Таких ящиков, выкрашенных в жёлтый и пронумерованных, в подвале «Изиды» было много. В них хранились наиболее загадочные артефакты – Максим называл их зацепками, которые его отец, Шустов-старший, и другие основатели «Изиды» не успели изучить или отложили до лучших времён. Лучшие времена для них не наступили. Из пятерых основателей погибли четверо. Последним в перуанских джунглях погиб сам Шустов. Его измученное многолетними лишениями тело было погребено под скальными обломками. В живых остался лишь Покачалов, сейчас сидевший наверху, в торговом зале, и занимавшийся покупателями, – он располнел больше обычного, продолжал обливаться по?том в духоте натопленного помещения и неустанно тёр платком влажную лысину.
«Изида», основанная в девяносто восьмом году, изначально работала по заказам аукционных домов: искала утерянные предметы искусства, изучала их, готовила к последующей продаже или помогала им навсегда укрыться в домах частных коллекционеров. Шустовстарший и его друзья, все – выпускники Строгановки, отправлялись в затяжные экспедиции, не страшась ни пустынь, ни сельвы, но десять лет назад, после первых смертей и череды неудачных сделок, «Изида» превратилась в обычный антикварный магазин, спрятанный в одном из переулков Нового Арбата. О новых расследованиях Покачалов не помышлял, пока в стенах магазина не появился Максим.
Шустов-младший добрался до подвальных помещений с архивами и месяцами пропадал в главном из них – в жёлтой комнате, где сегодня его и застал Дима. Жёлтой её назвали из-за цвета ящиков с артефактами. Цвет стен, едва проглядывавших за переполненными стеллажами слева и справа, определить было трудно.
Максим откинулся в глубь вольтеровского кресла и беспечно наблюдал за другом, стоявшим по другую сторону П-образного стола. Они с Димой вместе учились на журфаке Московского политеха, на четвёртом курсе, правда, после зимней сессии Максим в университете появлялся редко. В прошлом году он уже потерял стипендию. Осталось попасть под отчисление. Диме никак не удавалось выяснить, какое из архивных дел настолько увлекло Максима, что тот порой ночевал в «Изиде». Дима изводил его звонками и приезжал в Зеленоград, где Максим снимал квартиру, заваливался с допросами в дом к его маме в Клушино. Наконец добился своего. Ответы лежали тут, в деревянном ящике, – Дима бережно приподнял крышку.

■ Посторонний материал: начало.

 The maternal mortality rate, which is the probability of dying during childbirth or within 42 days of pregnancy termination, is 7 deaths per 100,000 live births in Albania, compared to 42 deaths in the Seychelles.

Незакреплённая, крышка поддалась легко. Дима замер, не зная, куда её пристроить. Стол был завален книгами, растрёпанными кон-волютами и подшивками чёрно-белых распечаток. Возле ящика лежали папки, среди них – папка «Альтенберг. 2001–2002. АН?02/ 341ФИ». Номер отсылал к ящику и его содержимому. За монитором виднелась рамка фотографии, сделанной Максимом позапрошлой осенью в перуанском Трухильо: Дима и его сестра Аня позировали на фоне тёмно-зелёной амброзии. Ещё несколько фотографий были разбросаны по столу. Дима опустил на них крышку, затем развёл пальцами древесную стружку, наполнявшую ящик, и обмер.

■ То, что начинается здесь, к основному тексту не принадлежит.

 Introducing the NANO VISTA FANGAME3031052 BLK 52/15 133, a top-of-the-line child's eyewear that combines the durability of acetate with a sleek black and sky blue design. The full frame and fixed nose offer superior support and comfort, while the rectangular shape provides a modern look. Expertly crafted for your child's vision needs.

– Кажется, я знаю, о чём будет моя следующая книга, – воскликнул он, вынимая деревянную шкатулку, о которой минутами ранее прочитал в подшивке по делу Альтенберга.
– Ты «Кровь джунглей» не закончил.
– Закончу, – поморщился Дима, вспоминая список запутанных, местами оборванных глав. Собрать из них единый приключенческий роман пока не получалось. – Главного я добился: Татьяна Тимофеевна проведёт мою книгу вместо дипломной работы. Точнее, «Кровь джунглей» засчитают творческим приложением, останется написать две вводные главы о «проблемах синтеза научного краеведения и журналистики» и прочей методологической чуши.
Дима осматривал шкатулку, выискивал отмеченные ещё Шустовым-старшим детали: «BH» на выступе левой стенки и «Tolle. Lege» на выступе правой.
– Возьми… Читай… – промолвил Дима. – Эти слова помогли Блаженному Августину обратиться к Христу и стали девизом ордена августинцев. В данном случае они – ключ к тайне девятнадцатого века. Феноменально… Думаешь, твой папа сразу догадался?
Дима постучал костяшкой среднего пальца по набалдашнику с девизом августинцев, прислушался к раздавшемуся полому звуку. Отстегнул застёжки и заглянул внутрь шкатулки – провёл пальцем по квадратному наросту на дне. Наконец положил шкатулку обратно в ящик и, уткнувшись кулаками в столешницу, потребовал подробного отчёта.
– Рассказывай, чем конкретно ты тут занимался последние месяцы. Почему вообще заинтересовался делом Альтенберга. Что успел сделать твой папа. И… с чего ты взял, что сделаешь больше?
– Наберись терпения. Тут надолго, а мы опаздываем. И основные материалы я перевёз в Клушино.
– В Клушино? Ты же… Я думал, вы с Аней поживёте у тебя в Зеленограде.
– Поживём в Клушине.
– Ясно… У вас всё в порядке?
– Там и выясним.
Максим выглядел безучастным. Умел скрыть чувства. Дима и не собирался вникать в его отношения с Аней. Ещё не хватало. Диму волновали лишь шкатулка и связанная с ней история.
Сестра прилетала завтра рано утром. Она предупредила, что пробудет в Москве почти неделю, прежде чем вернуться на учёбу в Мадрид. Максим обещал своей маме подъехать к четырём и подготовить дом к Аниному дню рождения. Они с Димой действительно опаздывали.
– Ну хоть покажешь, как она работает?! – взмолился Дима. – Не могу же я уйти просто так.
– Покажу. – Встав с кресла, Максим обогнул стол. Подал Диме его трость, а сам подхватил ящик со шкатулкой. – В другой комнате.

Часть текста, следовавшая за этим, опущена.